On the other hand, there is that outlook which regards democracy as essentially economic and collective in its nature. This attitude, characteristic of a more scientifically-minded type, emphasises collective and economic rights rather than individual and political ones. It strenuously opposes the system and ideology of economic individualism and, since it claims all ideologies are merely or basically expressions of economic interests and conditions, and that the system of economic collectivism will completely oust and replace that of economic individualism, it must necessarily regard its opposing ideologies as doomed, and actually passing, to complete extinction.
Assuming, therefore, the capacity of the masses to become scientifically-minded, it exhorts them as individuals to think for themselves, it urges them to reason and to use their critical faculties; it identifies itself with physical science, with natural law, with principles, with theory and with doctrine; and it calls upon the people to adopt its critical independent mode of thought. Walsby, in his revealing study The Domain of ldeologies, calls this critical mode of thought “political individualism” and shows that it necessarily co-exists with the advocacy of “economic collectivism.” In pressing the virtues of economic collectivism this outlook tends to ignore or repudiate the fact that, under a system of economic collectivism, political independence of thought – or political individualism – can apply only to the few, a minority.

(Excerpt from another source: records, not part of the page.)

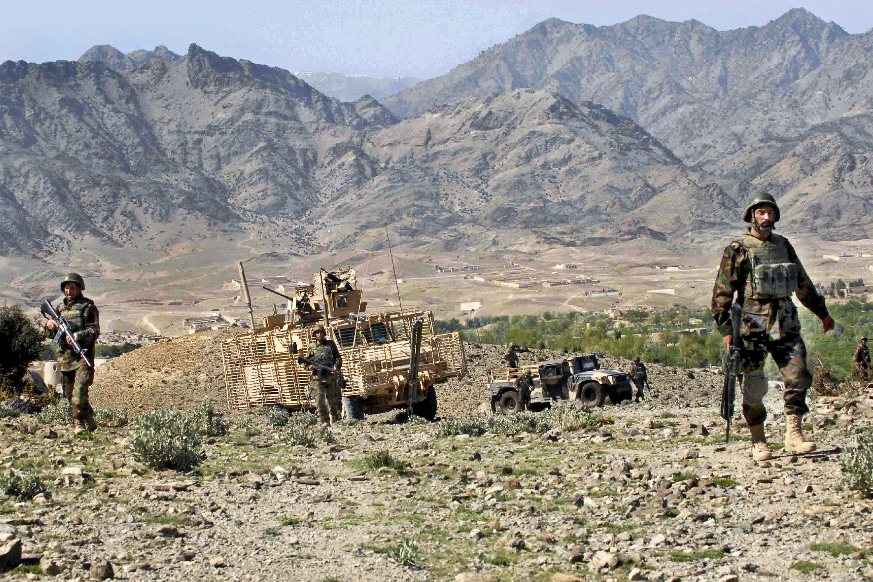 Afghan Army soldiers patrol near the village of Kusheh, Afghanistan, March 24, 2010. The Afghan soldiers have been partnering with U.S. Army Soldiers to help bring stability to part of Khost province. The U.S. Soldiers are assigned to the !st Squadron, 33rd Cavalry Regiment. U.S. Army photo by Spc. Spencer Case See more at
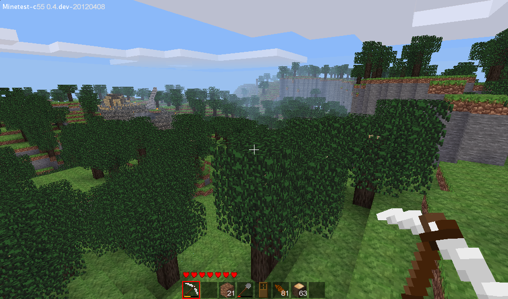 Screenshot from the game, showing the varied terrain, from the Author's website.
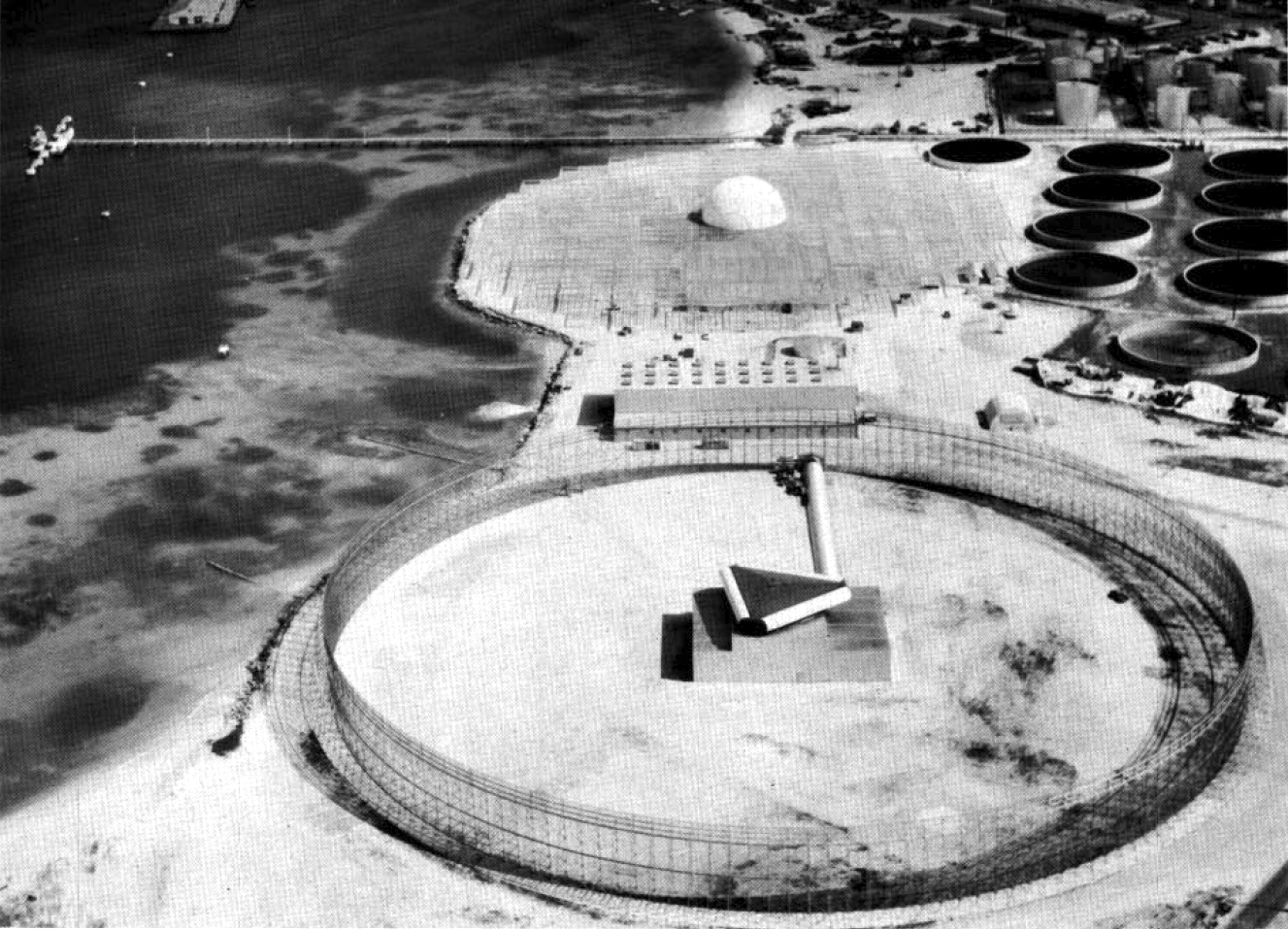 The Zeus Acquisition Radar (ZAR) for the Nike Zeus anti-ballistic missile program on Kwajalein, Marshall Islands. The transmitter is the triangle in the foreground, the receiver is in the background. The transmitter was built in a triangle form to allow the rapid scanning of the sky. In a typical single-reflector radar, the reflector would have to rotate through a complete circle before it re-visited a particular target. If you need rapid re-scanning, the rotation rate has to be increased. The ZAR solved this by using three reflectors and switching the transmitter to the one closest to the desired target. By continually switching between the faces, the scanning rate was tripled without requiring the antenna to rotate more rapidly. Designed to track warheads at hundreds of miles, the ZAR was extremely powerful, and its broadcasts were dangerous to anyone near the antenna. The large metal fence surrounding the transmitter is opaque to microwaves, and protects anyone walking around the site outside the fence. To access the radar while it was running, staff entered through the metal tunnel. The receiver antenna is located under the radome and is thus not visible in this image. It consisted of a stack of foam blocks with metal strips inside forming a Luneberg lens, nearly filling the entire radome. The entire assembly rotated in synchronicity with the transmitter. The hashed area surrounding the receiver is a large field of metal wires suspended off the ground on poles. This formed a reflector that make a perfect ground plane, improving the accuracy of vertical angle measurements. This technique was first used by British anti-aircraft radars early in WWII. The rectangular building between the two parts of the ZAR is a power plant that powers the system. The circular objects on the right are part of the island's water processing system.
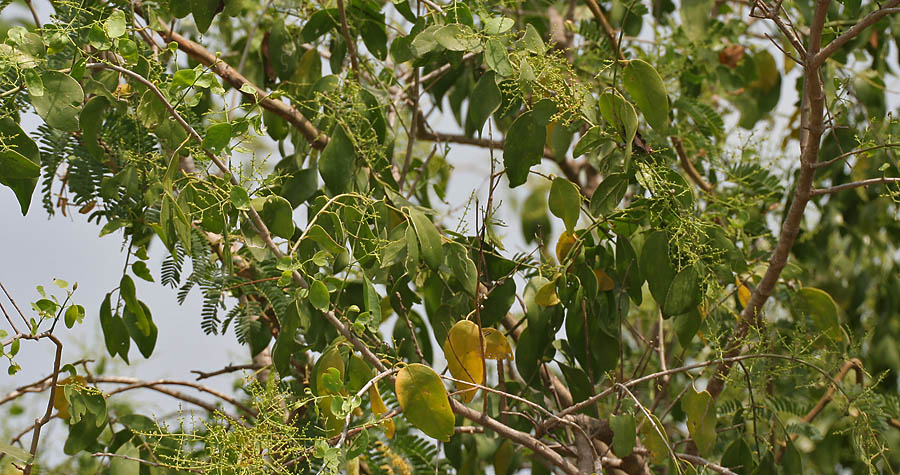 Peelu, Meswak toothpaste plant, Saltbush, Chhota Peelu, Jhak, Kharjal, Jal, Dhalu, Sara or Piludi Salvadora persica in Krishna Wildlife Sanctuary, Andhra Pradesh, India.
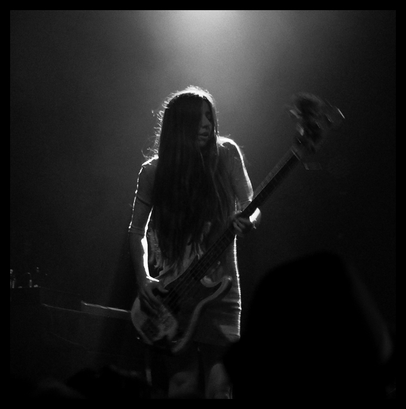 Entrance Band. Terminal 5 NYC 04/29/11
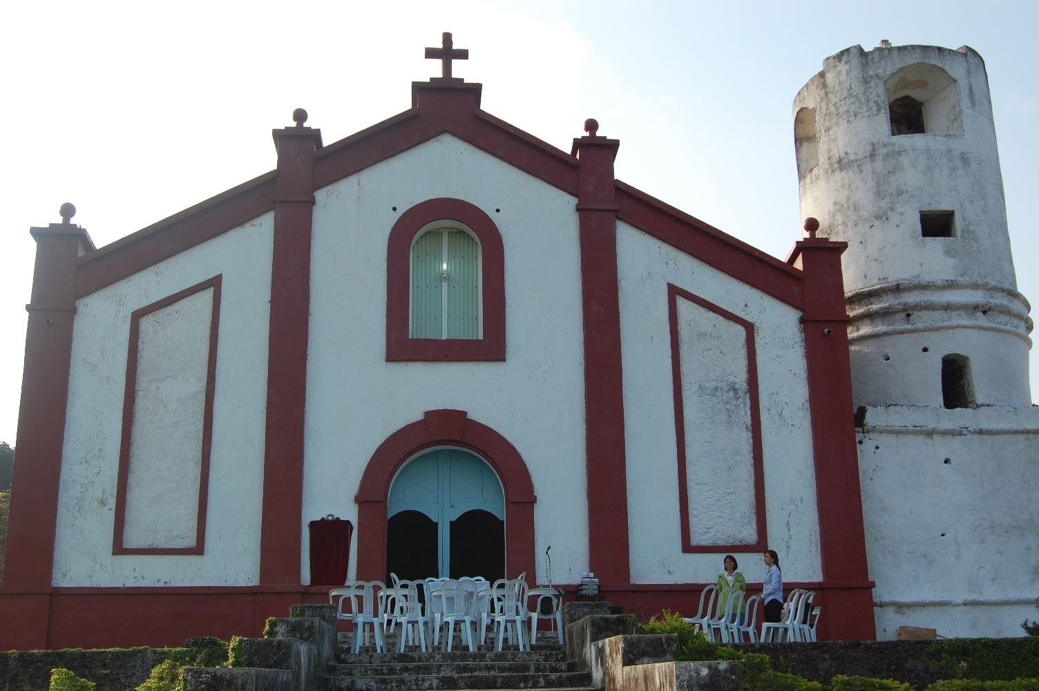 Facade of Itbayat Church
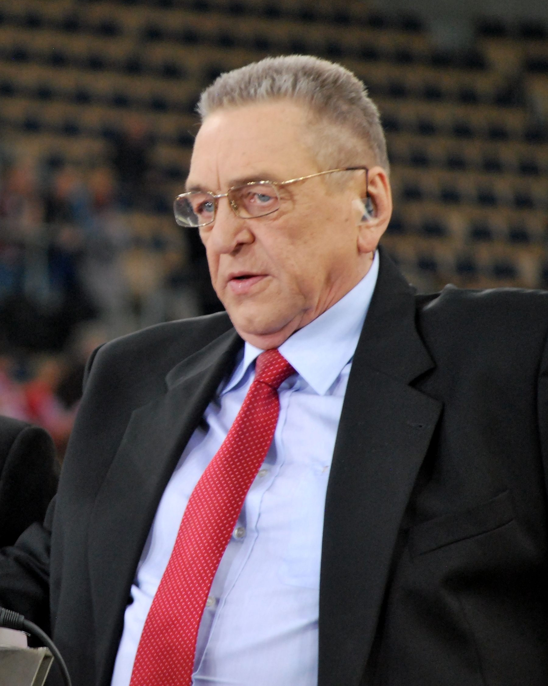 FIVB World Championship European Qualification Women Łódź January 2014. Andrzej Niemczyk - former volleyball coach from Poland
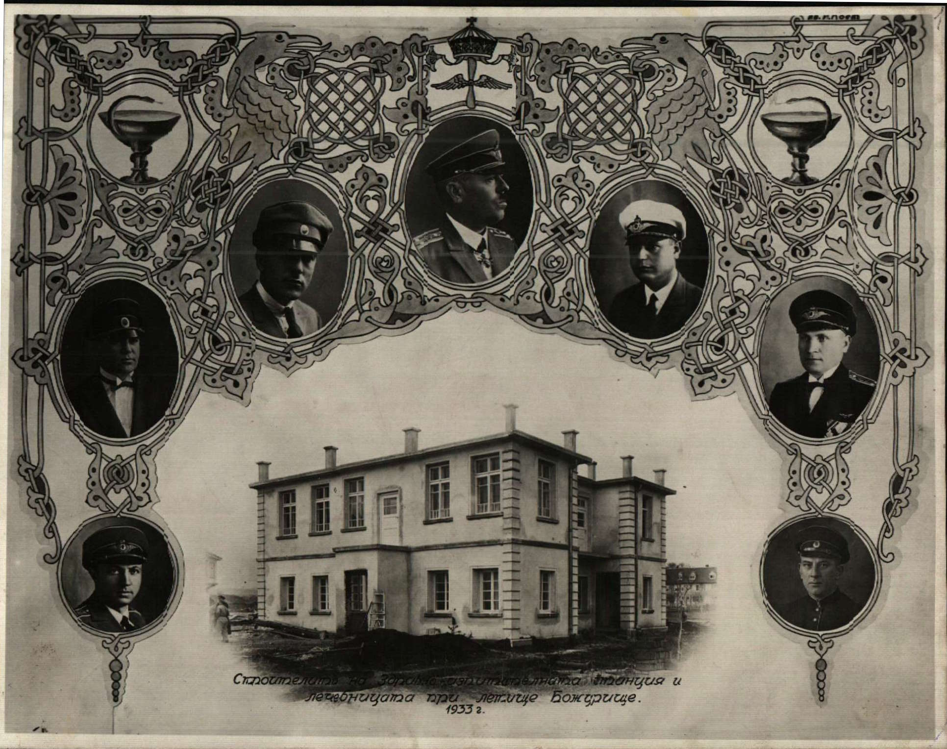 A postcard commemorating the construction of a test-station and a medical aid center at Bozhurishte airport near Sofia

Though it relates to political individualism, this ignoring, forgetting or repudiation is similar to that which we have just described above in respect of economic individualism. It is the great merit of Walsby’s researches to have shown that both types of “ignoring” or “repudiation” are due to a process of repression, although relative to different material (see Walsby’s The Domain of ldeologies). In the case of the second or more scientific ideology the repression gives rise to what Walsby calls “the mass-rationality assumption” and to the conception of, and emotional identification with, a future “ideologically homogeneous” society i.e., a society in which the “politically-individualist, economically-collectivist ” ideology is universal, and in which none of the opposing ideologies exist. Small wonder, then, that this outlook sets comparatively little store by the politically democratic rights of its opponents whose ideology is regarded as increasingly reactionary and unnecessary for society. In contrast to the first and more unscientific outlook, it enlarges, rather, upon the necessity for economic freedom of the masses (freedom from starvation and want of food, clothing, shelter, etc.) which actually does realise itself on a mass scale under a system of economic collectivism. Thus, under the political dominion of this ideology, we have political individualism and freedom for the few, and economic freedom for the masses. This is the other side of the
The broad ideological division, then, is as follows :
(1) The ideology that stresses economic individualism (which provides economic freedom for the few) and political collectivism (which provides political freedom for the masses). Where this ideology prevails, therefore, there exists political independence and security for the masses but economic independence and security for a small minority.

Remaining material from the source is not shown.